3.2   The delivery of the Call Notice shall constitute a binding agreement and
      obligation of ICICI, to sell the Call Option Shares specified in the Call
      Notice at the Call Option Strike Price as of the Settlement Date. The
      settlement in respect of the purchase and sale of the Call Option Shares
      shall occur on the relevant Settlement Date.

3.3   On the Settlement Date, the Company shall pay, or cause to be paid,
      notwithstanding any nomination, in full without set-off, condition or
      counterclaim and free and clear of and without deduction of any taxes,
      duties, fees and other liabilities save and except for taxes, if any,
      deductible at source obligated to be made under law) required to be paid
      or discharged by reason of transfer of the Call Option Shares, the Call
      Option Strike Price in Rupees in the manner specified in the Call Notice,
      against the delivery of the Call Option Shares.

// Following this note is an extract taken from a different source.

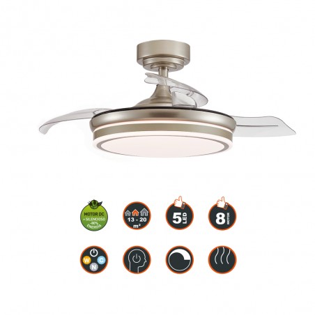 Ventilateur de plafond Mini Moss à LED pour les petites pièces. Ventilateur de plafond à pales rétractables conçu pour assurer la circulation de l'air et l'éclairage dans les chambres à coucher et les petits salons. Il dispose d'un moteur ultra-silencieux avec 6 vitesses de rotation, une fonction d'inversion hiver-été, une minuterie et une fonction de brise. Quant à l'éclairage, vous pouvez définir trois tons d'éclairage (chaud, neutre ou froid) et faire varier l'intensité des lumens. Le corps de l'éventail est nickel et les pales pliantes sont transparentes.
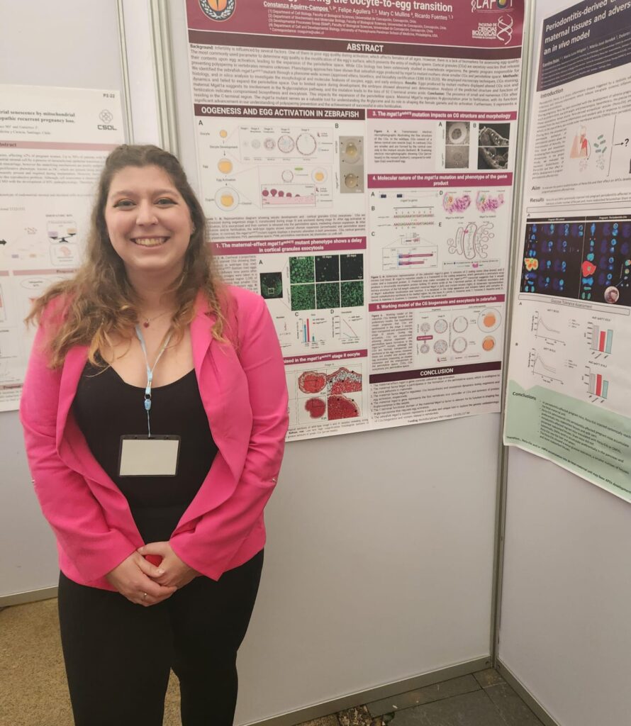 Constanza Aguirre, bioingeniera y asistente de investigación en el Departamento de Biología Celular, presentó un póster que resumía sus tesis de pregrado. Esta tesis se centra en una mutación que posee la hembra en el modelo de pez cebra y como esta afecta la descendencia y el desarrollo embrionario.

3.4   The Call Notice shall specify:

      (i)     the Company's estimate of the Call Option Strike Price (but
              without prejudice to the actual Call Option Strike Price payable
              on the Settlement Date),

      (ii)    the Settlement date which date shall not be less than 7 days from
              the date of the Call Notice;

      (iii)   the mode of payment of the Call Option Strike Price; and

      (iv)    location for the settlement in Bangalore.
<PAGE>

4.    REPRESENTATIONS AND WARRANTIES

4.1   The Company hereby represents and warrants that:

      (a)  that the Company has the full power and authority to execute and
           deliver this Agreement and to incur its obligations and perform and
           observe its obligation under this Agreement;

      (b)  this Agreement constitutes the legal, valid and binding obligations
           of the Company, enforceable against the Company in accordance with
           terms hereof;

      (c)  the execution delivery and performance of this Agreement have been
           duly authorized by all necessary action, including corporate
           approvals and Board resolutions on the part of the Company;

      (d)  all authorizations, consents, approvals and licenses required for the
           execution, delivery and performance of this Agreement have been duly
           obtained or granted and are in full force and effect.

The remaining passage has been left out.